まだとはどういうことだ?家族の死んだ原因は分かっている。家族は四年前に覚醒者に襲われて命を落とした。龍真自身も大怪我を負って、病院で目が覚めたのはその事件が起きてから一週間後だった。
犯人を知ろうにも姿を見ていないし、四年経った今でも捕まっていない。
「忘れるもなにも、俺は犯人を見ていない。そもそも知らないんだから、忘れようがないじゃないか」
『…………本当に覚えていないのじゃな。もはや滑稽にすら思えてきたぞい。仕方がない。自ら気付かせるつもりじゃったが、あの事件の犯人を教えてやろう』
影の男は龍真を指さし、静かに告げた。
『お主の家族を殺したのは他でもない………榊龍真、お主自身じゃ』
「なっ……っ!」
影の男の言葉を否定しようとしたとき、頭の中にある光景がフラッシュバックした。懐かしいフィンランドの祖父母の家。見慣れたリビング、廊下、キッチン……全てが一点を除いてそのままだった。
辺り一面に溢れ、跳ねたおびただしい血痕以外は。
「っ!……これは俺の記憶……か?こんな……………こんなの知らない!なんで俺の家が血まみれなんだ?どうして家に入っていない俺が事件の現場を覚えているんだ……」
『まだ思い出せんのか?家族を襲った覚醒者はお主だと言っておるじゃろう。覚醒したお主は持て余すほどに強大な自分の能力に飲まれた。そして暴走し、本能のままに家族全員を殺したのじゃ。体にあった傷は抵抗する家族に付けられたものじゃったかのう。その右目もじゃな。必死にお主を止めようとする家族を、お主は躊躇いなく殺したのじゃ。いい加減、真実を思い出せ!現実から目を背けるな!』
影の男の言葉を聞きながらも依然として、記憶の中を龍真はさまよっていた。勝手に足が動いてフラフラと廊下を進む。ふと足を止めて窓に目をやると、そこには血が滴る槍を持った血まみれの自分が映っていた。その顔や体には沢山の切り傷があり、返り血と自分の血が混ざり合って全身が赤に染まっていた。

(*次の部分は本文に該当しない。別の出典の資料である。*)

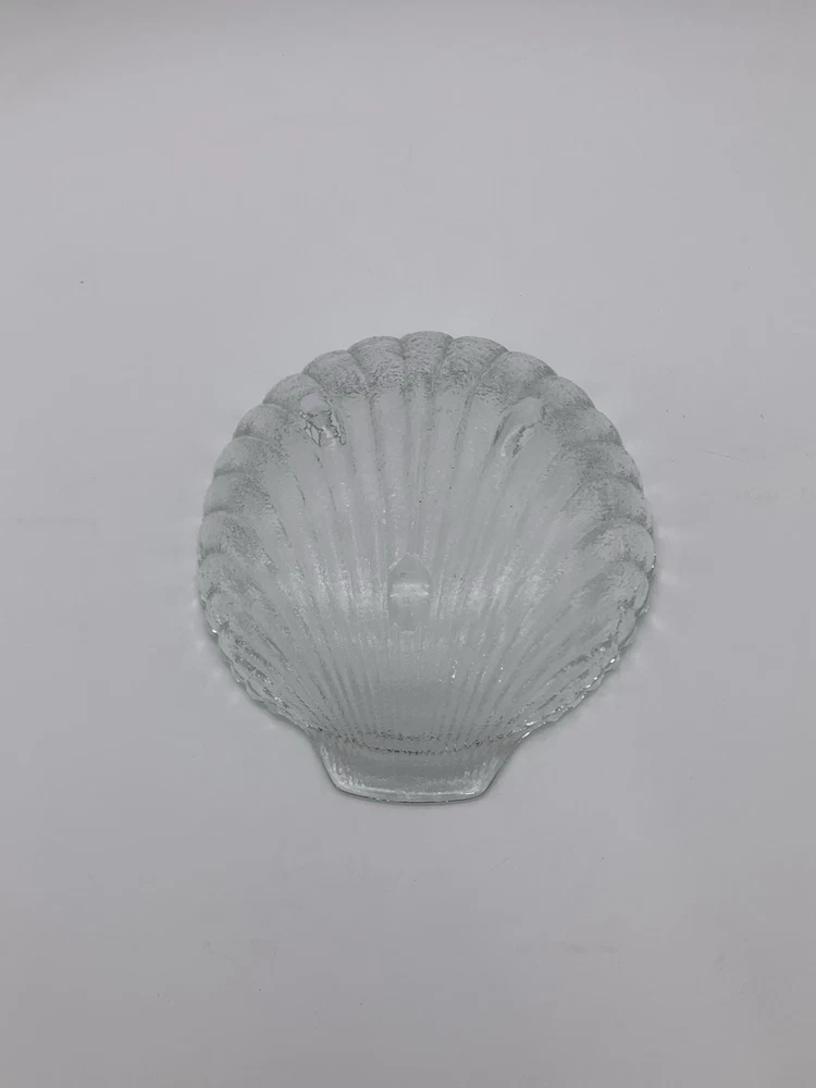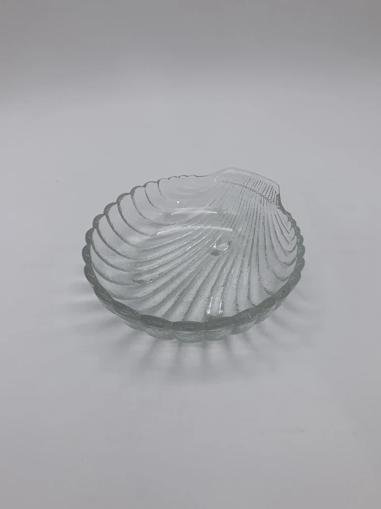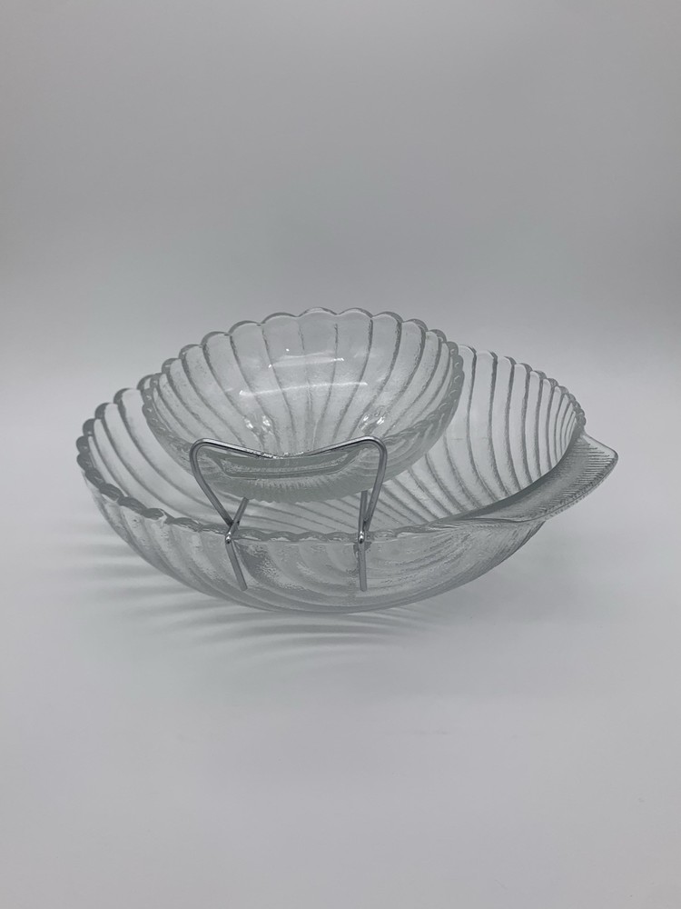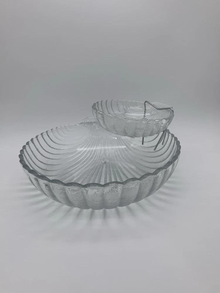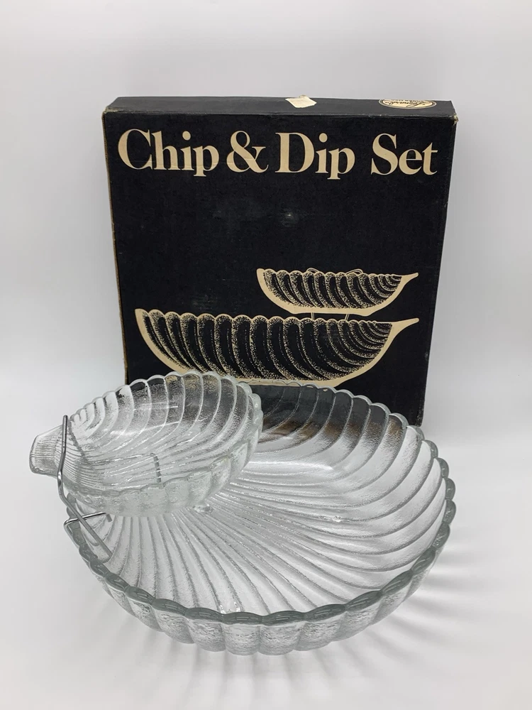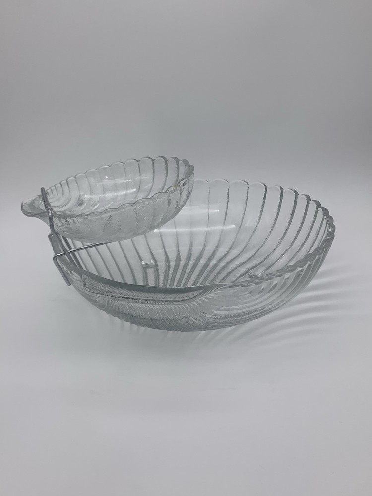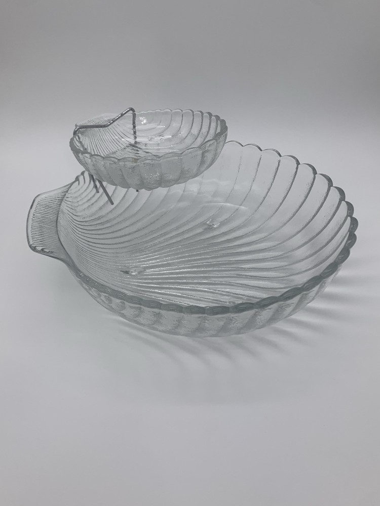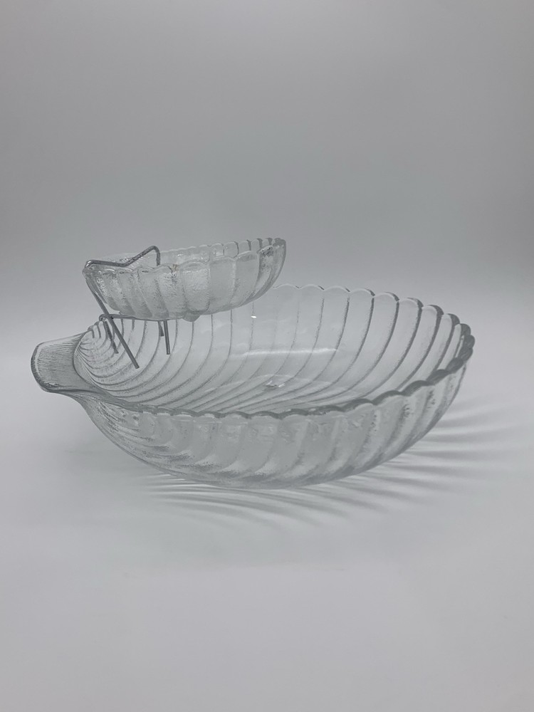 This is a vintage 1983 Leonard Chip & Dip Serving Set in a large clear shell shape with a scalloped edge. Each includes a single compartment for serving, with a diameter of 11" for the larger dish and 6" for the smaller dish. The set is made of glass, features handles, and is designed with a triple footed bottom. This elegant serving set is perfect for various occasions and various complementary snacks like potato chips, tortilla chips or vegetables with dip such as salsa, guacamole or creamy dips and is easy to fill and refrigerate. Excellent Vintage Condition!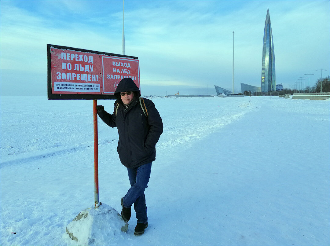 Но поднявшийся ветер вкупе с морозом выдавливал из глаз слёзы, лица стремительно обледеневали. Мы осознали, как везло нам все предыдущие — холодные, но относительно безветренные дни! Сейчас же, полюбовавшись на огромное здание Лахта-центра, высящееся над заливом, мы поняли, что идти к нему вовсе не хочется. Оставим до лучших времён!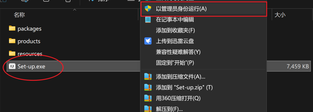 3.鼠标选中"Set-up.exe",右键点击"以管理员身份运行"

「………俺が……みんなを殺したのか……爺ちゃんも婆ちゃんも、母さんも父さんも、虎徹まで?……俺は、ずっと自分自身を恨んでいたのか………」
自分の罪を忘れ、覚醒者を嫌っていた自分の滑稽さに笑いがこみあげてきた。
「………ハハッ、馬鹿じゃん、俺。自分がやったこと忘れて……存在しない犯人を四年間も恨み続けて、八つ当たりで覚醒者を嫌いになって。ホント、ダサすぎ。そりゃ殺されるわ。神様は許してくれないよな。自業自得だ……………」
膝を付き、大粒の涙が溢れる。影の男はうなだれる龍真に向かって告げた。
『確かにお主が事実を忘れ、知ろうともせんかったことは許されんじゃろう。殺人を犯したことも事実じゃしのう。じゃが、罪と向き合う気があるのなら、忘れず、目を逸らさず、償う努力をしろ』
「………つ、償う?」
『そうじゃ。償う意思があるのなら、儂の手を取れ。再びお主に力を授けよう。十五でそれなりのタッパをしておったから問題ないと踏んだ儂の浅慮にも問題はあった、一時的に預かっていた力をどう使うかはお主の自由じゃ。じゃが、間違うな。惑わされずに、自分の信じた道を進め』
そう言うと影は黒い小手に覆われた片手を差し出した。刺々しく、優しさなど微塵にも感じられないその手に、龍真はなぜか温かい希望を感じた。償わなければならない。そのために、今はまだ死ぬわけにはいかない。
ただ生きたいと、強く思った。
「俺は……生きたい。生きて自分の罪を償いたい。俺と同じような思いをする奴を一人でも減らしたい。それまで、俺と同じ思いをする人がいなくなる日までは、死んでも死にきれない!頼む、俺に力を貸してくれ!このままじゃ死ねない、死んじゃいけないんだ!」
龍真の答えに影は「分かった」とだけ告げると、影になって隠れていた顔が月明かりに照らされて浮かび上がる。そこには今まで泣いていた自分を慰めるような、優しい笑みを浮かべる隻眼の老人の顔があった。
第一部第二幕再開
龍真の腹に穴をあけた鬼は、苛立っていた。泣き喚きながら命乞いをするかと思っていた少年が一度も命乞いをせずに死んだ。惨めな姿を見せることなく、潔いと言えるような死に様を見せた。こんな綺麗な死を見たかったのではない。もっと泣き叫び、惨めに絶望を感じながら死ぬ瞬間を見たかったのだ。それなのに、
「……全く面白くない。これでは何のために嬲り殺しにしたのか解らないではないですか」
怒りを紛らわすように鬼が龍真の体を蹴り飛ばす。人形のように転がる龍真の体が土にまみれる様を一瞥し、龍真から背を向ける。
「今日はもう、帰りますか」
そう呟くと、鬼の体は一瞬で塵のように消え、中からは普通の人間の体が姿を現した。現れた覚醒者の普段の姿はありふれたサラリーマンそのものだった。スーツを着込んだその姿からは微塵も先ほどまでの凶悪な鬼の姿は想像できない。そして男は携帯を取り出して、どこかへ電話をかける。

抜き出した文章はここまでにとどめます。